But there was no KO. The show just sort of fizzled out. There was no encore, no introducing the DJ and the MC and no dirtiness. She grinded with her hostages and arched her back a couple of times, but we're talking about a woman who once sang, "I ain't out shoppin' spendin' dudes' C-notes/ I'm in tha crib givin' niggaz deep throat." And that's probably the tamest lyric she's ever written. I expected displays of public sex or at the very least some disrobing.

Unceremoniously, she sallied off the stage, the lights came up, and the crowd left. Outside, we were greeted by a virtual platoon of cops, all standing around with their hands on their sidearms, ready to step in and save the day in the event of a Biggie Smalls-style drive-by. The two barking K-9 units seemed like a bit much.  But they made for a lively and somewhat dangerous end to the evening.

llu thought she had the veil on because she was lip synching! sketch.

Yikes. Are you done now?

Dear Jolene,

No, I'm not done; I'm finished. Cakes are done; people are finished.

The show was cut short and the cops were there because of a brawl.

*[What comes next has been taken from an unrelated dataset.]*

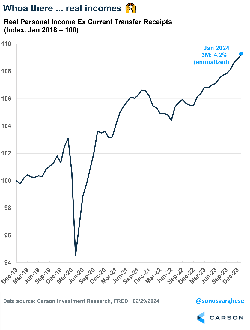 Ultimately, what matters for an economy that runs mostly on consumption is inflation-adjusted income growth. Relatively strong wage growth combined with decelerating inflation means real incomes are growing. Along with the latest PCE inflation data, the government also released personal income data, which perhaps got less attention than it deserved. Over the last three months, real incomes excluding transfers (like Social Security) are running at an annualized pace of 4.2%. For perspective, it was running at 2.6% across 2018-2019. Overall, the economy continues to be doing just fine.

http://www.wptz.com/news/23791321/detail.html
http://www.rutlandherald.com/article/20100604/THISJUSTIN/100609973
http://www.wcax.com/global/story.asp?s=12593727
http://www.burlingtonfreepress.com/article/20100604/NEWS02/6040309/Lil-Kim-concert-in-South-Burlington-leads-to-fracas

Dear Molly,

To my knowledge, the show actually wasn't cut short. She played for an hour, as per her contract. Patrons were NOT in fact asked to leave as was reported in the Free Press. Lil Kim played her "finale" and the house lights went up and everyone left in an orderly fashion. The Free Press story also said that the concert went on past midnight, which it did not. There might have been a fight, but it must have happened outside. And I doubt if it was a huge brawl because every cop looked pretty relaxed when the rest of the concertgoers left.

I think this is an example of "press release journalism." None of those reports actually had real reporting in them. They were just rewritten press releases. Which always makes for riveting news.

After I posted that I was thinking it was silly of me. I should know better than to believe stories that are worded almost exactly the same way over different agencies. I've done a lot of volunteer work with the Vermont department of corrections over the years and have heard from both offenders and police how generally inaccurate crime/justice reporting is.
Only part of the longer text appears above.